[Data records]
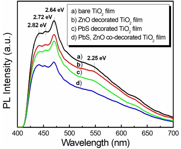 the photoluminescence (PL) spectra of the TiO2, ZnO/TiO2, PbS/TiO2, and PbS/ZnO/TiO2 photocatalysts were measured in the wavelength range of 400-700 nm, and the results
[/Data records]
[Data records]
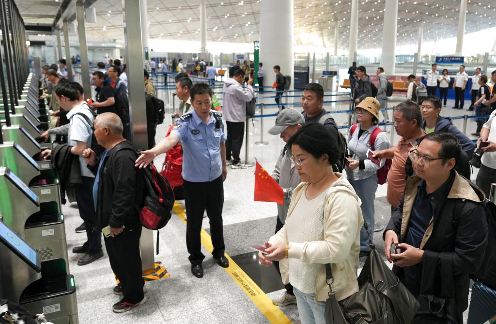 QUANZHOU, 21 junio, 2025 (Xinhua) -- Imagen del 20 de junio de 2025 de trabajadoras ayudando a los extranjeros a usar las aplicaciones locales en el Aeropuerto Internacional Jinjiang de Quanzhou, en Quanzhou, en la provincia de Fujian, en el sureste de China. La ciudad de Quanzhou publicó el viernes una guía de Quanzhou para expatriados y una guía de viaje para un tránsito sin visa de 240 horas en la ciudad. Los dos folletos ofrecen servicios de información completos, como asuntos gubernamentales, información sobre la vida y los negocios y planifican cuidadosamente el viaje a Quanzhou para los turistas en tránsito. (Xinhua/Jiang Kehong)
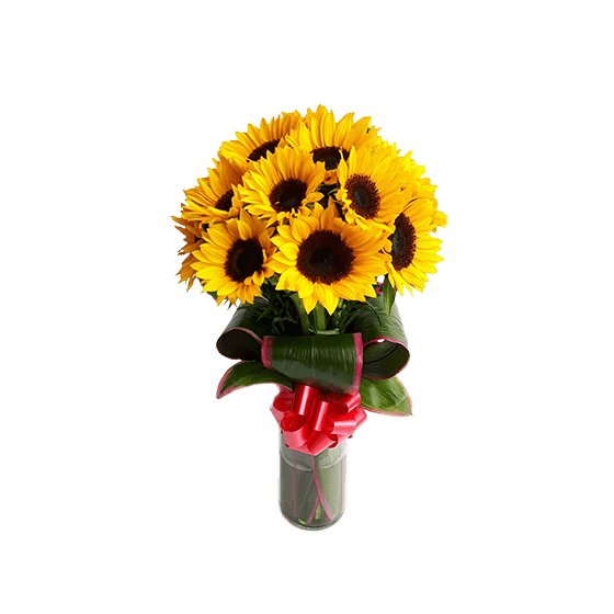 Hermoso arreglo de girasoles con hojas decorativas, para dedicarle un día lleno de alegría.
[/Data records]
[Data records]
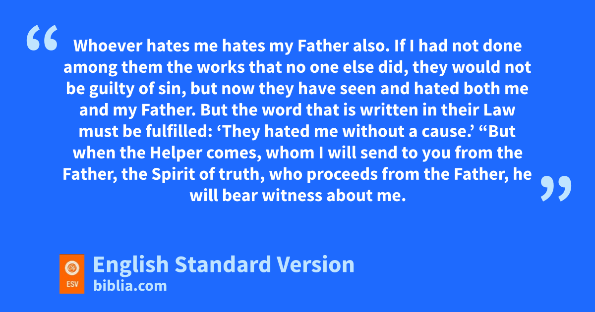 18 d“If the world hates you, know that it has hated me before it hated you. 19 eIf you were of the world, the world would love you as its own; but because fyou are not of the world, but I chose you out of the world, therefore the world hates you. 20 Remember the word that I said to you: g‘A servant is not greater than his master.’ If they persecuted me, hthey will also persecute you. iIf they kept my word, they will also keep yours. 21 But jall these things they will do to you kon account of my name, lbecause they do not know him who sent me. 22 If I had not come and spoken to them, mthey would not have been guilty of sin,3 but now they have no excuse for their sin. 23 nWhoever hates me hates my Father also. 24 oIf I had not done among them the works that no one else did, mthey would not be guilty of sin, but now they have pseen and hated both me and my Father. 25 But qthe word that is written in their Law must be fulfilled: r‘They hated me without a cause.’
[/Data records]
▶ **Aim of the task**
From the listing above, repeat only the lines between the line containing "QUANZHOU, 21 junio, 2025" and the line containing "Hermoso arreglo de", those two included. Pictures are not part of the copy.

▶ **Answer to the problem**
 QUANZHOU, 21 junio, 2025 (Xinhua) -- Imagen del 20 de junio de 2025 de trabajadoras ayudando a los extranjeros a usar las aplicaciones locales en el Aeropuerto Internacional Jinjiang de Quanzhou, en Quanzhou, en la provincia de Fujian, en el sureste de China. La ciudad de Quanzhou publicó el viernes una guía de Quanzhou para expatriados y una guía de viaje para un tránsito sin visa de 240 horas en la ciudad. Los dos folletos ofrecen servicios de información completos, como asuntos gubernamentales, información sobre la vida y los negocios y planifican cuidadosamente el viaje a Quanzhou para los turistas en tránsito. (Xinhua/Jiang Kehong)
 Hermoso arreglo de girasoles con hojas decorativas, para dedicarle un día lleno de alegría.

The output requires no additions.